Приключения Джона Девиса - Дюма Александр (книги читать бесплатно без регистрации .txt) 📗
«Я люблю вас и умру, если с вами не увижусь: нынче вечером с восьми до девяти я обойду весь сад и буду сидеть у восточного угла; ради Бога, отвечайте мне; хоть одним словом, одним знаком покажите мне, что вы обо мне жалеете».
Я привязал эту записочку к горлице под крыло; она тотчас полетела к своей госпоже и скрылась за решетки. Сердце у меня билось, как у ребенка.
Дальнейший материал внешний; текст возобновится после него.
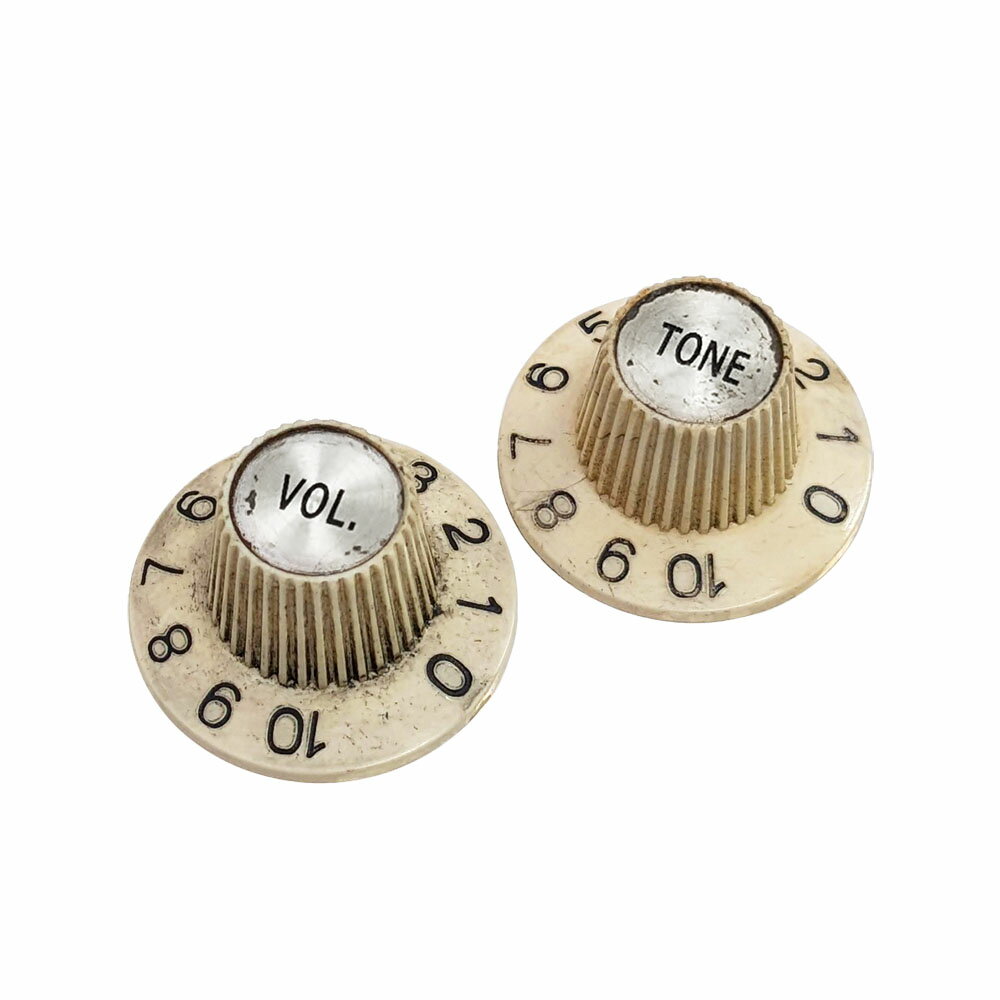 日本製'65年タイプのJazzmasterによりマッチングするようにホワイトカラーのソンブレロノブをエイジングしたYJB PARTSオリジナルのコントロールノブ、"VOL."と"TONE"のセット。トッププレートはシルバー、CTSなどの24山刻みインチ規格スプリットシャフト用となります。※ソリッドシャフトには適合しませんので、ご注意ください。□配送方法に関する注意事項こちらの商品はメール便にてお届けします。また、送料別商品でも税込3,980円以上のご注文で送料無料でお届け致します。(※税込3,980円未満のご注文時の送料についてはこちらをご覧ください。)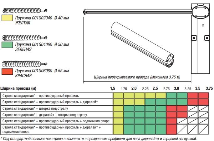 Для балансировки стрелы, подберите пружины в соответствии с длиной стрелы и установленными на ней аксессуарами: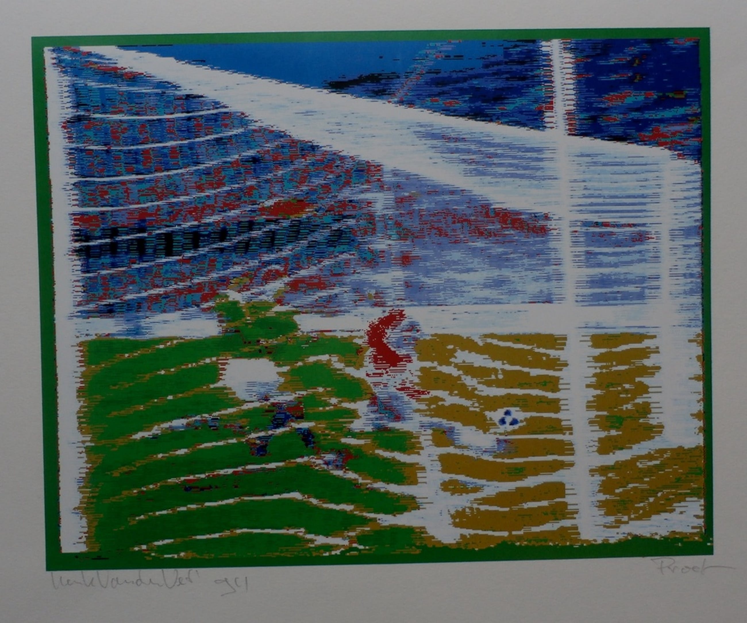 Zeefdruk van Henk van der Vet uit 1994. Proefdruk. "Voetballers". Afmetingen voorstelling: h37 x b46 cm. Afmetingen blad: H25 x b31.5 cm. Het werk is rechtsonder gesigneerd door de kunstenaar. De authenciteit van dit werk wordt volledig gegarandeerd. Een certificaat van echtheid kan, op verzoek, worden meegeleverd.

Во весь день я по временам вздрагивал: все боялся, не ошибся ли я, не принял ли самых простых вещей за доказательства любви. Я не посмел идти обедать с Константином и Фортунатом: внутренний голос говорил мне, что я сделал шаг ко злу и нарушаю священные права гостеприимства. Наступил вечер. Я вышел из комнаты за несколько минут до назначенного времени и отправился сначала в противную сторону, а потом, сделав большой обход, уселся наконец у восточного угла сада.
Пробило девять часов. С последним ударом колокола к ногам моим упал букет. Фатиница угадала, что я должен быть тут. Я бросился на этот будет. Это был не ответ, но все же послание. Вдруг пришло мне в голову, что на Востоке цветы имеют свой язык, что букет иногда все равно что письмо, и называется тогда «саламом», то есть приветствием. Букет Фатиницы состоял из скороспелок и белых гвоздик; но, увы! Я не знал, что они выражают.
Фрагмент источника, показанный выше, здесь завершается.